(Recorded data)
/---

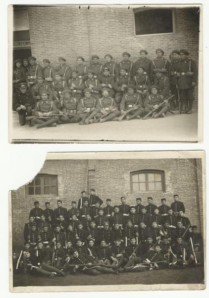 La superior debe estar fechada sobre 1930, llevan el uniforme completo del reglamento de 1926, pero el cabo y el sargento llevan ya gorra de plato, que apareció para la tropa en 1930...en las gorras parece que llevan un máquina de tren, si así fuera, serían del regimiento de ferroviarios.
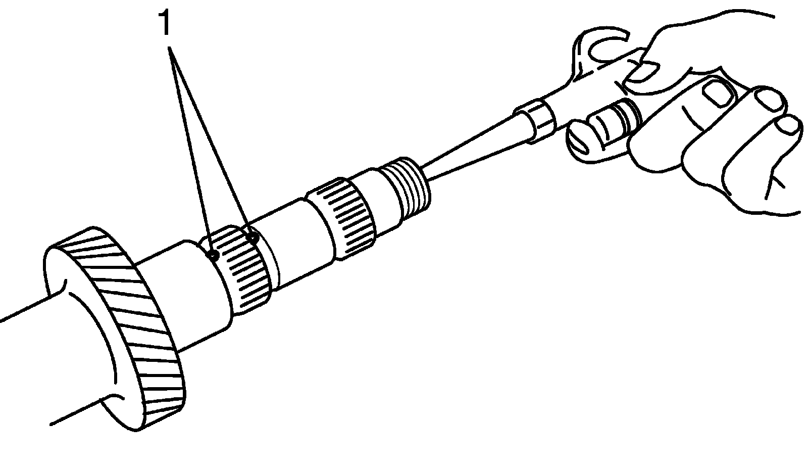 2) To ensure lubrication, air blow oil holes (1) and make sure that they are free from any obstruction.
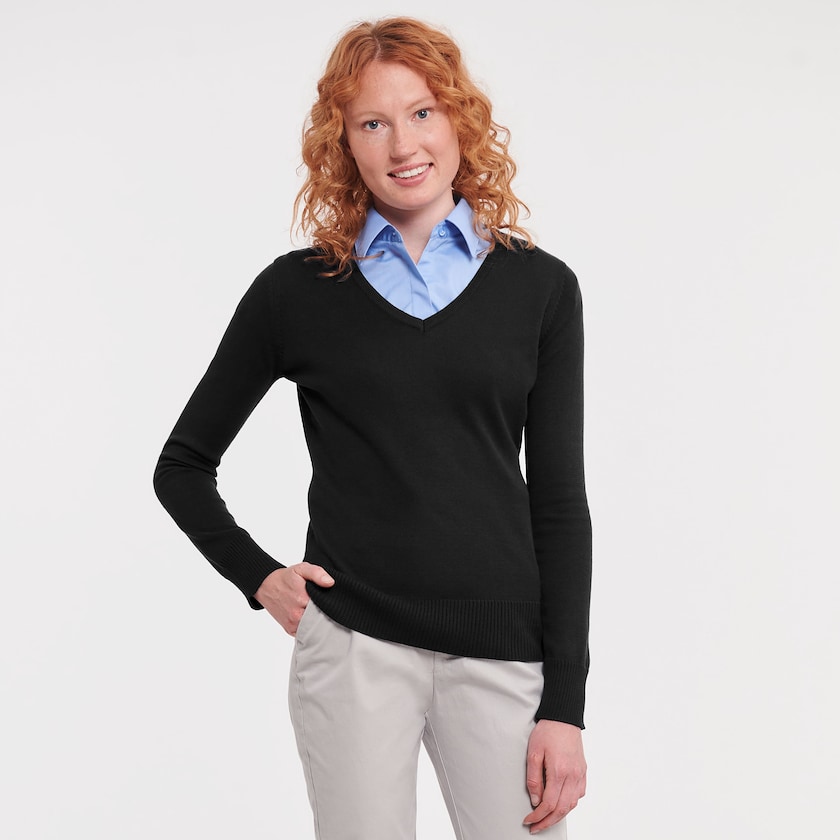 Elegante maglioncino da donna. Questo maglioncino ha lo scollo a V ed è realizzato in tessuto misto di cotone Easy Care che combina la leggerezza del cotone alla morbidezza dell'acryl. Lavabile a 40 gradi e asciugabile in asciugatrice. Un maglioncino elegante per chi cerca un'alternativa un po' più elegante. Confezionato singolarmente in busta di plastica. Disponibile anche in versione da uomo.
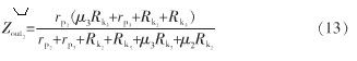 輸出端施加一個電壓U′o2,這時從輸出端向內看的電流記作為I′o2,可由式(10)~(12)計算得出:
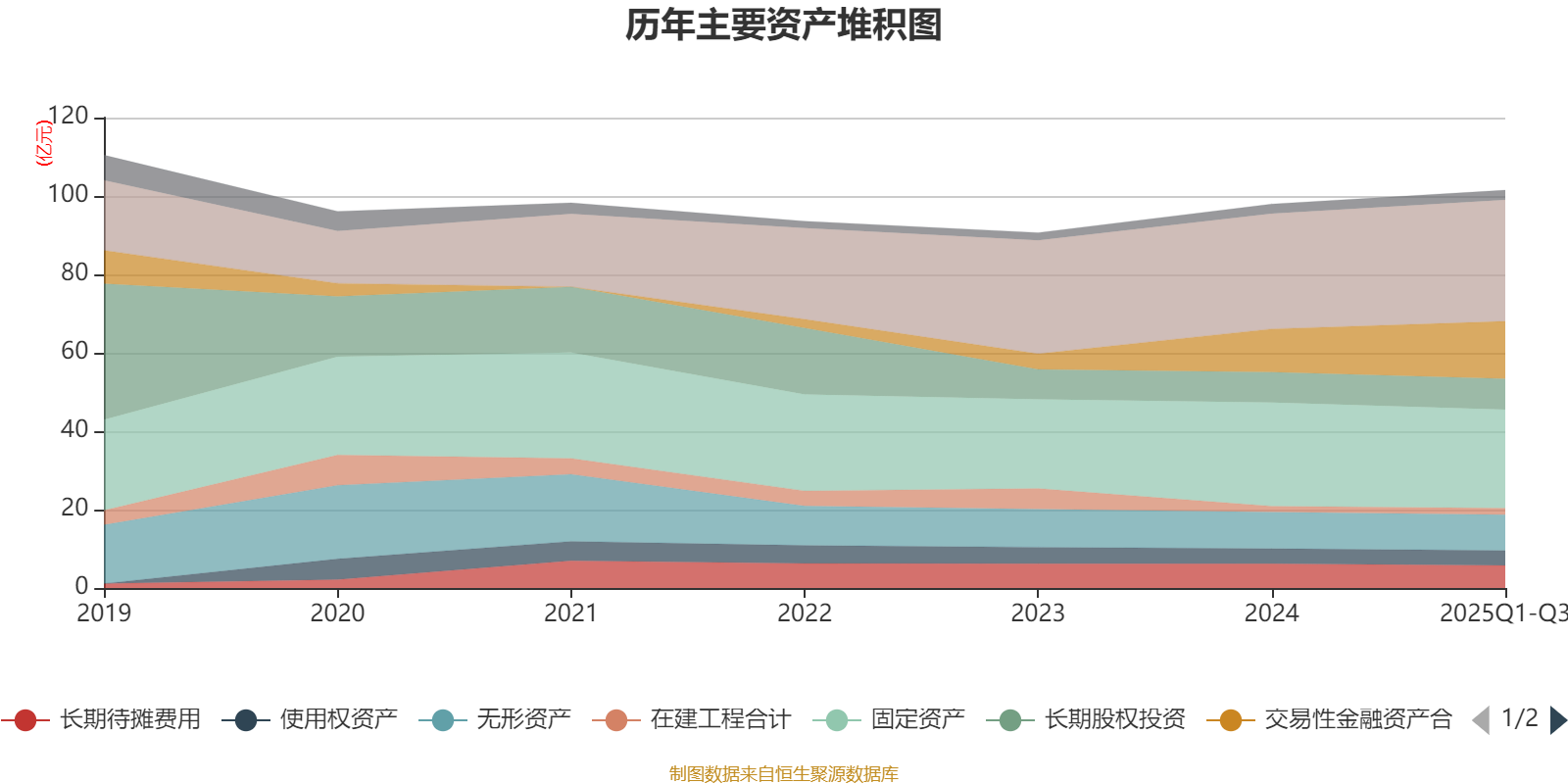 资产重大变化方面,截至2025年三季度末,公司交易性金融资产合计较上年末增加33%,占公司总资产比重上升3.2个百分点;固定资产较上年末减少4.9%,占公司总资产比重下降2.21个百分点;长期待摊费用较上年末减少7.16%,占公司总资产比重下降0.65个百分点;无形资产较上年末减少2.44%,占公司总资产比重下降0.56个百分点。

\---

*What you have to do*:
Make an exact copy of the records shown above, without the pictures.

*Exercise answer*:
 La superior debe estar fechada sobre 1930, llevan el uniforme completo del reglamento de 1926, pero el cabo y el sargento llevan ya gorra de plato, que apareció para la tropa en 1930...en las gorras parece que llevan un máquina de tren, si así fuera, serían del regimiento de ferroviarios.
 2) To ensure lubrication, air blow oil holes (1) and make sure that they are free from any obstruction.
 Elegante maglioncino da donna. Questo maglioncino ha lo scollo a V ed è realizzato in tessuto misto di cotone Easy Care che combina la leggerezza del cotone alla morbidezza dell'acryl. Lavabile a 40 gradi e asciugabile in asciugatrice. Un maglioncino elegante per chi cerca un'alternativa un po' più elegante. Confezionato singolarmente in busta di plastica. Disponibile anche in versione da uomo.
 輸出端施加一個電壓U′o2,這時從輸出端向內看的電流記作為I′o2,可由式(10)~(12)計算得出:
 资产重大变化方面,截至2025年三季度末,公司交易性金融资产合计较上年末增加33%,占公司总资产比重上升3.2个百分点;固定资产较上年末减少4.9%,占公司总资产比重下降2.21个百分点;长期待摊费用较上年末减少7.16%,占公司总资产比重下降0.65个百分点;无形资产较上年末减少2.44%,占公司总资产比重下降0.56个百分点。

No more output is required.